The FTC’s subsequent commentary on the Lenovo settlement, together with past guidance provided by the FTC, offers several takeaways:
- Be transparent. Transparency is always the best policy when considering the privacy of consumers’ personal information. Lenovo failed to adequately disclose to consumers (let alone get their consent) that a third-party would be able to intercept all of their online communications, or that man-in-the-middle software would transmit browsing data to a third party. The FTC has made clear that businesses must clearly explain to consumers how their data will be used and provide an easy way for consumers to opt out of data use or collection practices involving their personal information.
- Disclosures must be conspicuous and complete. On the Lenovo laptops, a consumer did see a one-time popup window the first time the consumer visited a shopping website. The popup window included the following message: “Explore shopping with VisualDiscovery: Your browser is enabled with VisualDiscovery which lets you discover visually similar products and best prices while you shop.” Although the pop-up window did include a small opt-out link, it was not conspicuous and thus easy for consumers to miss. If a consumer clicked anywhere on the screen, or on the “x” button to close the pop-up, the consumer was automatically opted in to the software.

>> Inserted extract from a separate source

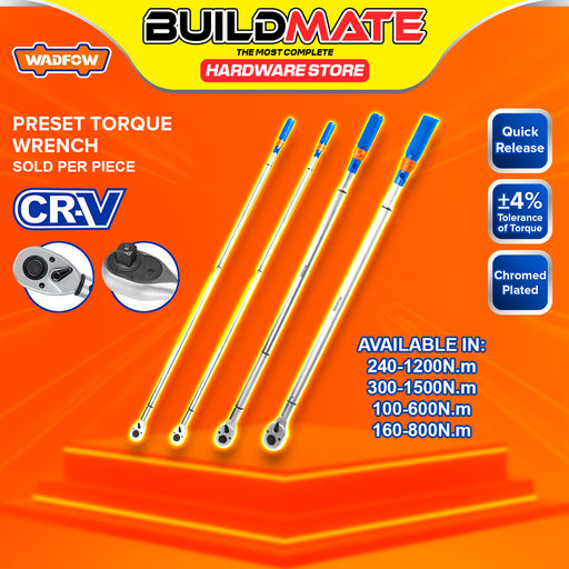 BUILDMATE Wadfow 1" / 3/4" Preset Torque Wrench Cr-V+Cr-Mo Chrome Plated Pre-calibrated Torque Socket Wrench Nut Bolt Remover Repair Hand Tools - WHT

- Undertake adequate due diligence and include security requirements in Agreements. Companies are ultimately responsible for their third-party vendors and are expected to ensure that service providers implement reasonable measures to address security risks. As the FTC noted in its Stick with Security guide published in 2017, companies should take a “trust, but verify” approach to their service providers and undertake adequate due diligence to confirm that their service providers have sufficient security controls in place to maintain the security of sensitive data. Companies should also include appropriate security requirements in their agreements with service providers. The FTC may view a company’s failure to hold service providers to specific security requirements as a missed opportunity to take reasonable steps to safeguard customers’ data.
- Verify compliance. Although due diligence and contractual requirements with service providers are important components of a company’s data security policy, a company should also verify that its service providers are complying with contractual requirements.
As part of the settlement, Lenovo is prohibited from pre-installing similar software unless Lenovo (i) obtains a consumer’s affirmative, express consent, (ii) provides instructions as to how a consumer can revoke consent, and (iii) provides an option for consumers to opt-out, disable or remove the software or its offending features. In addition, for the next twenty years, Lenovo must maintain a comprehensive software security program that is reasonably designed to address software security risks related to the development and management of new and existing application software, and protect the security, confidentiality, and integrity of sensitive information. Acting Chairman Ohlhausen noted that the Lenovo settlement sends a message that “everyone in the chain really needs to pay attention.”